> Why would anyone continue to use a communications application that's known to do this?

Network effect. Most people are not using Whatsapp because it is E2EE, they are using it because all their friends are.

Not sure if terrorist and organized crime are influenced by the "Network effect"...and it's because of them right?

Even if true it seems it could still create a smaller haystack.

Of freedom activists or terrorists? Or is that a viewpoint thing?

My guess: Client-side scan for certain keywords to identify grooming and some kind of signature-based identification of known child-porn media. Basically what I assume Messenger does today, but on the local devices instead.

The general public won't care until we're halfway down a slippery slope, and then people will just switch to whatever platform is perceived as more secure/popular at that particular moment in time.

> Why would anyone continue to use a communications application that's known to do this?

Are you kidding? Almost nobody will care about that. This isn't even a new threat. It's common practice already.

What if hashes of known-bad content are stored locally on the device, and sending content that matches against those hashes is not allowed. Or, the user could appeal if they think there's a false positive. This can be used for CP but also for known-bad fake news or inflammatory content. Clearly, the content hash DB needs to be scope down, and what goes in there should be chosen with democratic principles, and stand scrutiny in the courts. If done thoughtfully, it seems like a feasible solution.

Changing a hash is incredibly easy, you could just change some Metadata and the hash would change. And any perceptual hashing algorithms would naturally lead to false positives.

Also this would likely be quickly commandeered for copyrighted work (honestly pretty surprised it hasn't happened already).

This is already done extensively: https://en.wikipedia.org/wiki/PhotoDNA and https://blog.cloudflare.com/the-csam-scanning-tool/

Yes, it would have to be a perceptual hash. False positives will occur, so there needs to be a way to appeal or remediate the algorithmic decision. We already apply this approach in a bunch of places. I believe the major personal cloud storage providers (OneDrive, etc) already do such scanning.

>This can be used for CP but also for known-bad fake news or inflammatory content.

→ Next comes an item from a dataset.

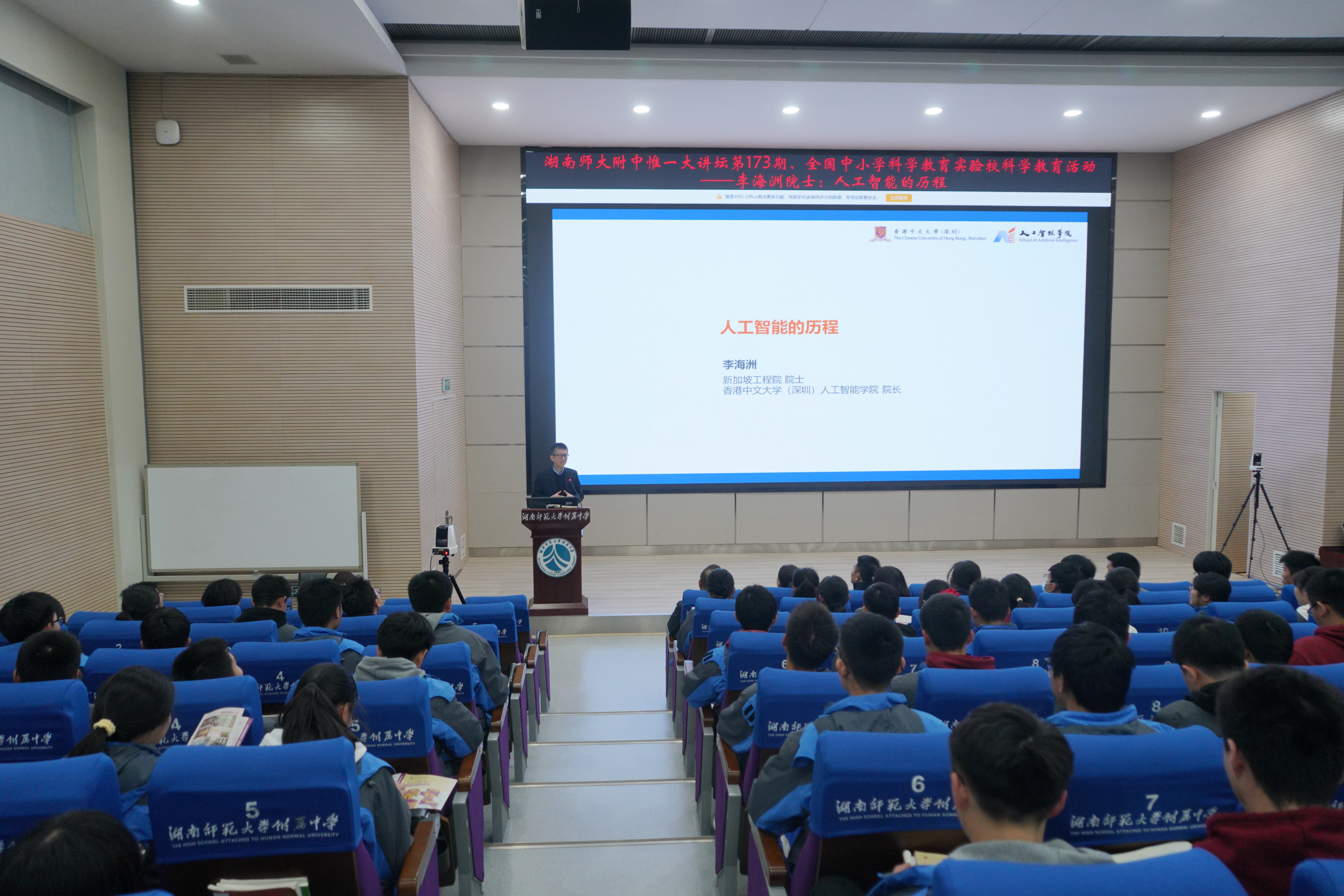 同日,李海洲院士在桃子湖校区主会场以 “人工智能的历程” 为题开讲,两校区通过 “主会场 + 分会场” 及线上直播同步参与。他以自身经历结合语音助手等场景引入,梳理 AI 从早期机器翻译到大语言模型的发展脉络,对比语言模型与人脑结构,用 “你聪明,AI 就聪明” 点出清晰提问的核心要义。分享苹果中文听写套件等科研案例时,他勉励学子保持技术好奇心,在实践中感悟科技力量。

It worries me that anyone thinks it would be a good idea to have "fake news" and "inflammatory content" blocked at the device level. Obviously cloud providers can do whatever they want (though I doubt it catches any more than the lowest hanging fruit, encrypting then uploading would be uncatchable), but the idea that my device will have a list of disapproved content, and I'll have to appeal to the government to be allowed to view it in case of false positives? The day that becomes a reality freedom will truly be dead.

I didn't say it would be at the system level. I'd expect this to happen per app. It's similar to how photo manipulation software can detect currency. I doubt every such app complies, and certainly the system screenshot tool does not.